Task requirements ▸ Once you find the line with "SNAP CGN 品番:8728-199-0008" in the listing below, set down exactly every line from it through the line with "フロントにボタンがひとつ配置", but no pictures.

Given entries ▸
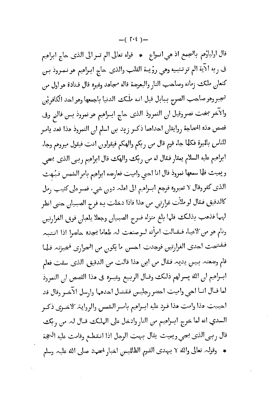 قال أولياؤهم بالجمع إذ هي أنواع قوله تعالى ألم تر إلى الذي حاج إبراهيم في ربه الآية ألم تر تنبيه وهي رؤية القلب والذي حاج إبراهيم هو نمروذ بن كنعان ملك زمانه وصاحب النار والبعوضة قاله مجاهد وغيره قال قتادة هو أول من تجبر وهو صاحب الصرح ببابل قيل أنه ملك الدنيا بأجمعها وهو أحد الكافرين والآخر بخت نصر وقيل أن النمروذ الذي حاج إبراهيم هو نمرود بن فالخ وفي قصص هذه المحاجة روايتان إحداهما ذكر زيد بن أسلم أن النمروذ هذا قعد يأمر للناس بالميرة فكلما جاء قوم قال من ربكم وإلهكم فيقولون أنت فيقول ميروهم وجاء إبراهيم عليه السلام يمتار فقال له من ربك وإلهك قال إبراهيم ربي الذي يحي ويميت فلما سمعها نمروذ قال أنا أحي وأميت فعارضه إبراهيم بأمر الشمس فبهت الذي كفر وقال لا تميروه فرجع إبراهيم إلى أهله دون شيء فمر على كثيب رمل كالدقيق فقال لو ملأت غرارتي من هذا فإذا دخلت به فرح الصبيان حتى أنظر لهما فذهب بذلك فلما بلغ منزله فرح الصبيان وجعلا يلعبان فوق الغرارتين ونام هو من الإعياء فقالت امرأته لو صنعت له طعاما يجده حاضرا إذا انتبه ففتحت إحدى الغرارتين فوجدت أحسن ما يكون من الحوارى فخبرته فلما قام وضعته بين يديه فقال من أين هذا قالت من الدقيق الذي سقت فعلم إبراهيم أن الله يسر لهم ذلك وقال الربيع وغيره في هذا القصص أن النمروذ لما قال أنا أحي وأميت أحضر رجلين فقتل أحدهما وأرسل الآخر وقال قد أحييت هذا وأمت هذا فرد عليه إبراهيم بأمر الشمس والرواية الأخرى ذكر السيد أنه لما خرج إبراهيم من النار وأدخل على الملك قال له من ربك قال ربي الذي يحي ويميت يقال بهت الرجل إذا انقطع وقامت عليه الحجة وقوله تعالى والله لا يهدي القوم الظالمين إخبار لمحمد صلى الله عليه و سلم
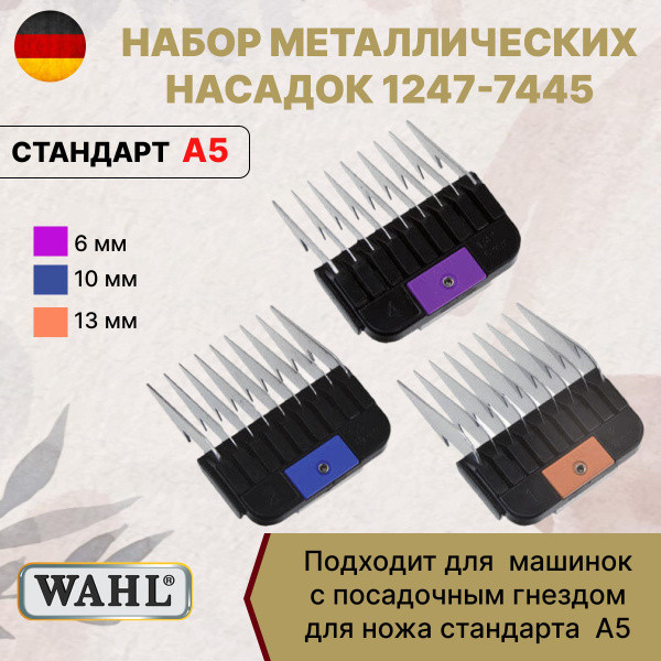 В данный момент этот товар отсутствует в продаже. Возможно, у нас найдется аналогичный или похожий товар здесь. Комплект металлических насадок Wahl Stainless Steel Snap-On Attachment Comb Set 1247-7445 разработан для парикмахерских или грумерских машинок с ножевыми блоками типа А5. Зубцы гребней сделаны из устойчивой к коррозии стали. Насадки крепятся на нож защелкивающимся пружинным механизмом Secure Fit и не соскакивают во время работы. Набор насадок применяют для изменения длины стрижки на три уровня: 6, 10 или 13 мм.
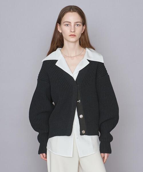 畔編みのざっくりとした生地感とビッグシルエットで抜け感漂うVネックカーディガン。■デザインデコルテが綺麗に見える大きなVネックラインを採用。フロントはスナップボタン留めのためすっきりとした印象です。丸みを帯びた袖のボリューム感も女性らしさをプラスしてくれます。■素材コットンにナイロンを織り交ぜた、さっぱりとした風合いのニットを太いゲージで編み上げた畔編みニット生地。■コーディネートゆったりとしたシルエットですが着丈が短めのため、ワイドパンツやギャザースカートとも好相性で様々な着こなしを楽しめます。============================裏地:なし透け感:なし光沢感:なしケア方法:ドライクリーニング============================【注意事項】※商品を使用前に、タグ等に記載されている「取り扱い上の注意書き」、「洗濯表示」を必ずご確認ください。※商品画像は、光の当たり具合やパソコンなどの閲覧環境により、実際の色味と異なって見える場合がございます。予めご了承ください。※商品の色味の目安は、商品単体の画像をご参照ください。店舗へお問い合わせの際は、全国のUNITED ARROWS各店舗まで下記の品名/品番をお申し付け下さい。品名:AM C/NY AZE SNAP CGN 品番:8728-199-0008
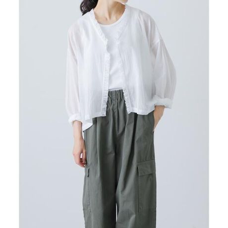 フロントにボタンがひとつ配置され、気軽に羽織ることができる仕様。前立てから襟にかけてぐるりとフリルがあしらわれたデザインです。さらっとしたコットン素材を使用し、上品な雰囲気がありつつ程よくラフなムードも纏っています。こなれ感を高めるナチュラルなシワにも注目。カジュアルなボトムやサロペットと合わせるスタイリングがおすすめです。
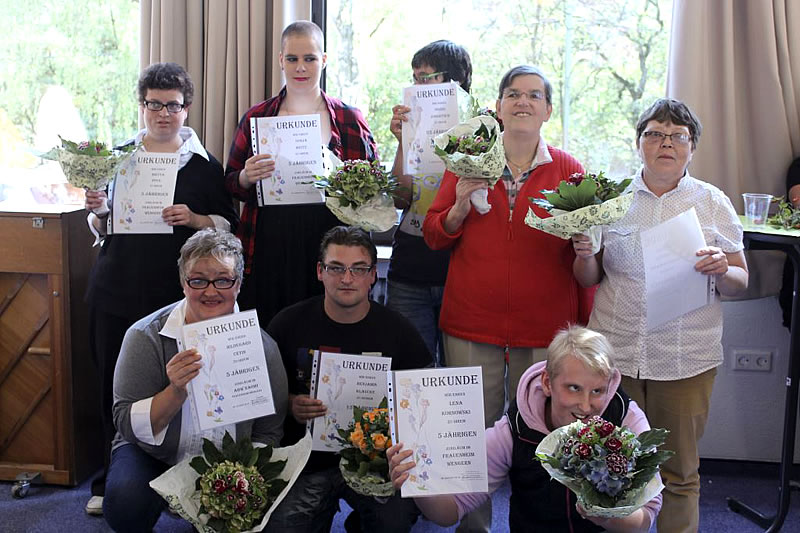 Regelmäßig alle zwei Jahre feiern Bewohnerinnen, Klientinnen, Mitarbeitende in ihren Bereichen Feste. Der Höhepunkt eines jeden Bereichsfestes ist und bleibt die Überreichung der „Treue“-Urkunde. Ob Bereichsfest oder Ausflug - wichtig für alle Veranstaltungen ist: „Wir machen etwas gemeinsam!“
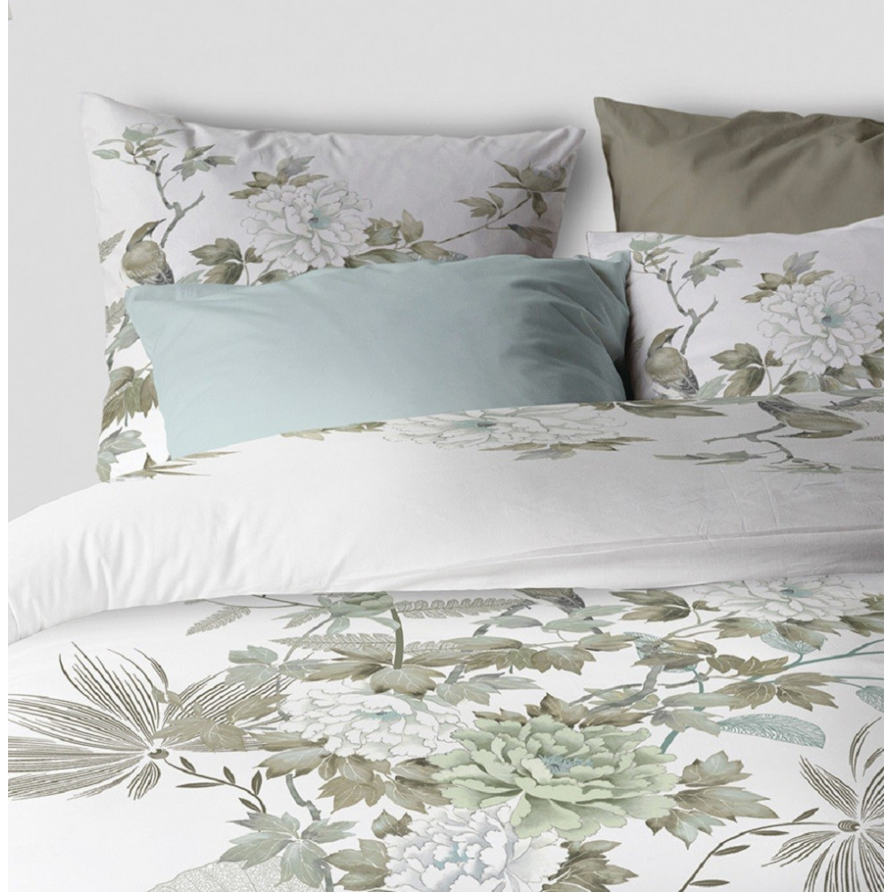 Housse de couette réversible Floral percale de coton 220x240 cm + 2 taies carrées
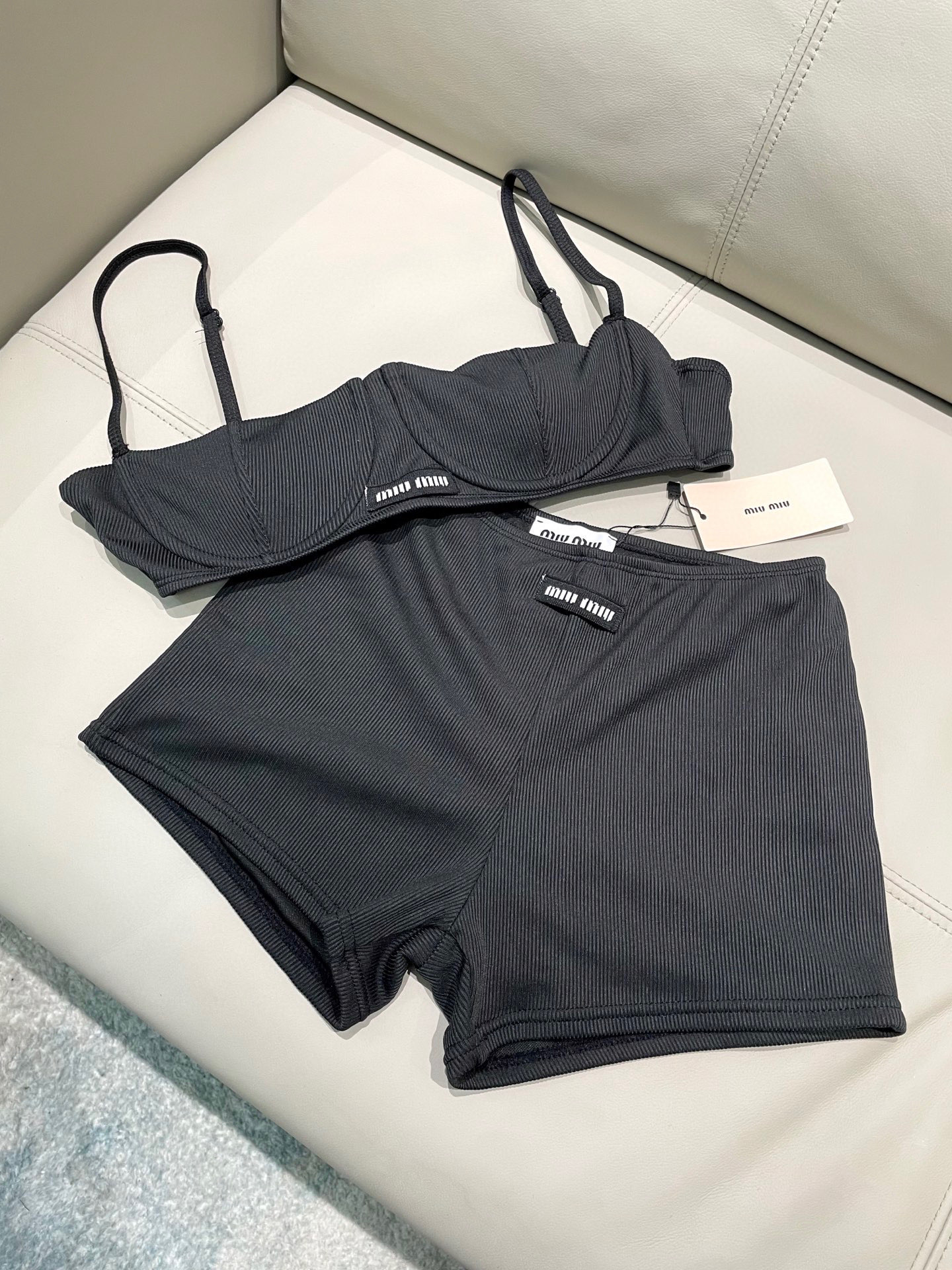 这款衣服是AAAAA 1:1 质量 (非常棒). 使用了和原版一模一样的材料. 商标部分也保持了和缪缪/Miu Miu一样. 图片拍摄是实物衣服拍摄, 您所收到的实物保证和我们图片一模一样.

Result of this task ▸
 畔編みのざっくりとした生地感とビッグシルエットで抜け感漂うVネックカーディガン。■デザインデコルテが綺麗に見える大きなVネックラインを採用。フロントはスナップボタン留めのためすっきりとした印象です。丸みを帯びた袖のボリューム感も女性らしさをプラスしてくれます。■素材コットンにナイロンを織り交ぜた、さっぱりとした風合いのニットを太いゲージで編み上げた畔編みニット生地。■コーディネートゆったりとしたシルエットですが着丈が短めのため、ワイドパンツやギャザースカートとも好相性で様々な着こなしを楽しめます。============================裏地:なし透け感:なし光沢感:なしケア方法:ドライクリーニング============================【注意事項】※商品を使用前に、タグ等に記載されている「取り扱い上の注意書き」、「洗濯表示」を必ずご確認ください。※商品画像は、光の当たり具合やパソコンなどの閲覧環境により、実際の色味と異なって見える場合がございます。予めご了承ください。※商品の色味の目安は、商品単体の画像をご参照ください。店舗へお問い合わせの際は、全国のUNITED ARROWS各店舗まで下記の品名/品番をお申し付け下さい。品名:AM C/NY AZE SNAP CGN 品番:8728-199-0008
 フロントにボタンがひとつ配置され、気軽に羽織ることができる仕様。前立てから襟にかけてぐるりとフリルがあしらわれたデザインです。さらっとしたコットン素材を使用し、上品な雰囲気がありつつ程よくラフなムードも纏っています。こなれ感を高めるナチュラルなシワにも注目。カジュアルなボトムやサロペットと合わせるスタイリングがおすすめです。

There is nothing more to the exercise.